The lines from the one containing "Ông Roy Mike" through the last one in the data: please copy those exactly, and only those, without the pictures.

◇ ◇ ◇ ◇ ◇

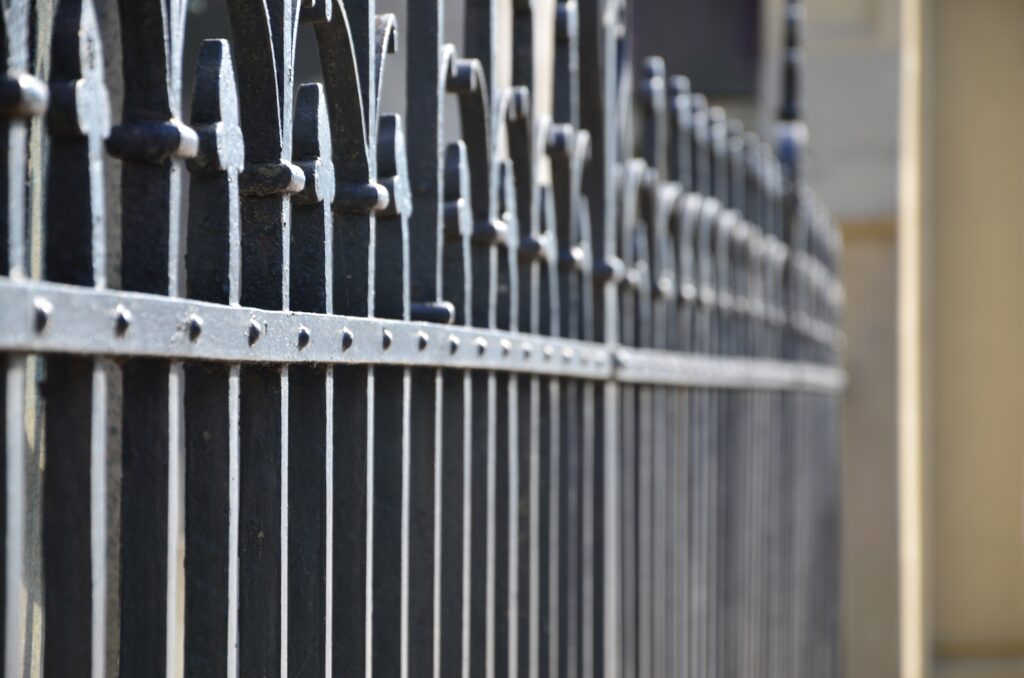 Metal railings are a robust security perimeter because they are difficult to climb (especially with sharp finials), difficult to breach without power tools, and are fixed permanently into the ground. They act as a strong visual and physical deterrent against unauthorized access.
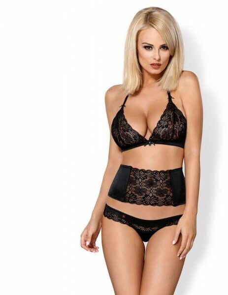 Сексуальный комплект нижнего белья состоящий с 3-х частей: бюста, пояса и трусиков. Мягкий бюстгальтер подчеркнет зону декольте регулируемые бретели позволят отрегулировать посадку бюста так, как Вам комфортно. Высокий и широкий пояс моделирует фигуру и скрывает недостатки. Сзади на поясе находиться эротичная шнуровка, которую можно утянуть и подогнать пояс по фигуре. Стринги имеют низкую посадку. Комплект красиво облегает фигуру, подчеркивает женские изгибы, делает ее изящной и утонченной.
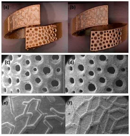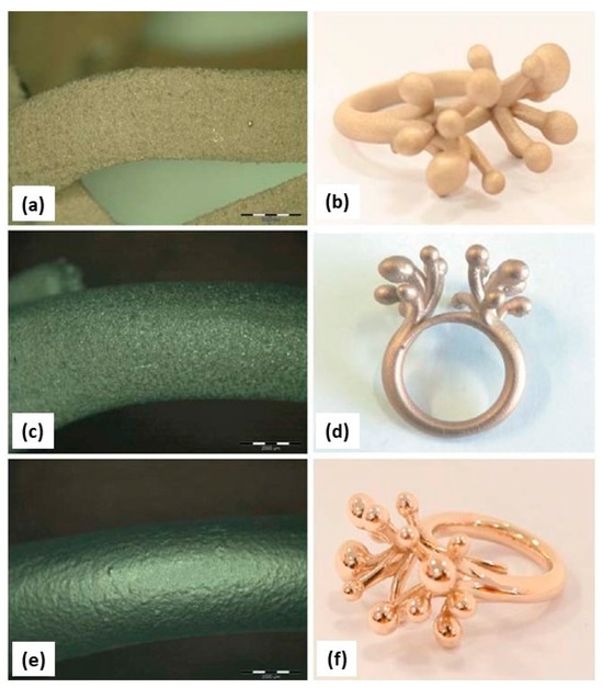 Gold alloy ring obtained by (a) standard (76.2 W, 250 mm/s, layer thickness 30 μm, 50% of overlapping) and (b) optimized parameters (65 W, 330 mm/s, layer thickness 20 μm, and 75% of overlapping); (c–f) SEM images of pave obtained using the two sets of parameter, Reprinted from ref. [47].
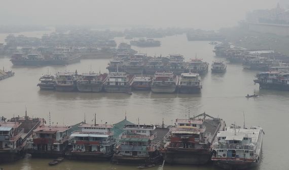 11月20日上午, 大批船舶停泊在鴛江麗港對出江段,等待通過長洲水利樞紐船閘。目前,長洲水利樞上下游待航船舶已超過500艘。黃東榮 攝
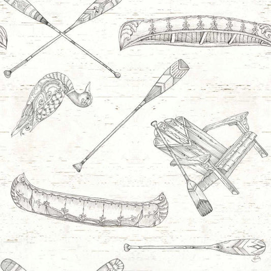 Lake Sketches Pattern IA White Modern Wood Framed Art Print with Double Matting by Brissonnet, Daphne
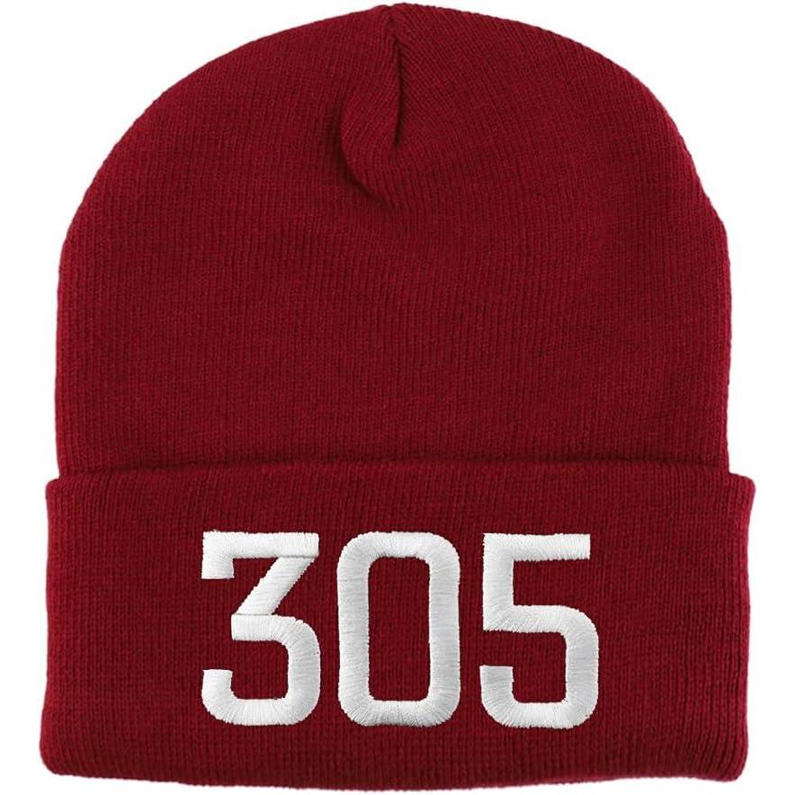 Trendy Apparel Shop Miami 305 Old English Embroidered Long Cuff Beanie. 100% Acrylic. High quality embroidered cuff long beanie hat, 100% Embroidered in USA . Classic Soft and Warm Folded Long Beanie. Easily stretchable, ensures a comfortable fit for most head types. Length is about 12 inches long unfolded. One Size Fits Most .
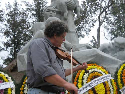 Ông Roy Mike Boehm (người dân Sơn Mỹ, Quảng Ngãi gọi theo lối Việt hóa là "ông Mai"), một cựu binh Mỹ, đang chơi chơi vĩ cầm trong lễ tưởng niệm nạn nhân vụ thảm sát Sơn Mỹ. Ông Mai là nhân vật chính trong một bộ phim tài liệu nổi tiếng về chiến tranh Việt Nam của đạo diễn Trần Văn Thủy: Tiếng vĩ cầm ở Mỹ Lai - Ảnh: Trần Đăng
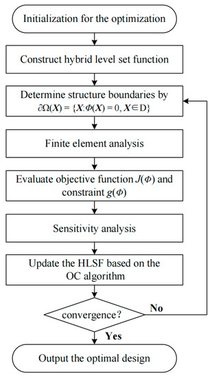 - Allaire, G.; Jouve, F.; Toader, A. Structural optimization using sensitivity analysis and a level-set method. J. Comput. Phys. 2004, 194, 363–393. [Google Scholar] [CrossRef] [Green Version]

◇ ◇ ◇ ◇ ◇

YOUR RESPONSE:
 Ông Roy Mike Boehm (người dân Sơn Mỹ, Quảng Ngãi gọi theo lối Việt hóa là "ông Mai"), một cựu binh Mỹ, đang chơi chơi vĩ cầm trong lễ tưởng niệm nạn nhân vụ thảm sát Sơn Mỹ. Ông Mai là nhân vật chính trong một bộ phim tài liệu nổi tiếng về chiến tranh Việt Nam của đạo diễn Trần Văn Thủy: Tiếng vĩ cầm ở Mỹ Lai - Ảnh: Trần Đăng
 - Allaire, G.; Jouve, F.; Toader, A. Structural optimization using sensitivity analysis and a level-set method. J. Comput. Phys. 2004, 194, 363–393. [Google Scholar] [CrossRef] [Green Version]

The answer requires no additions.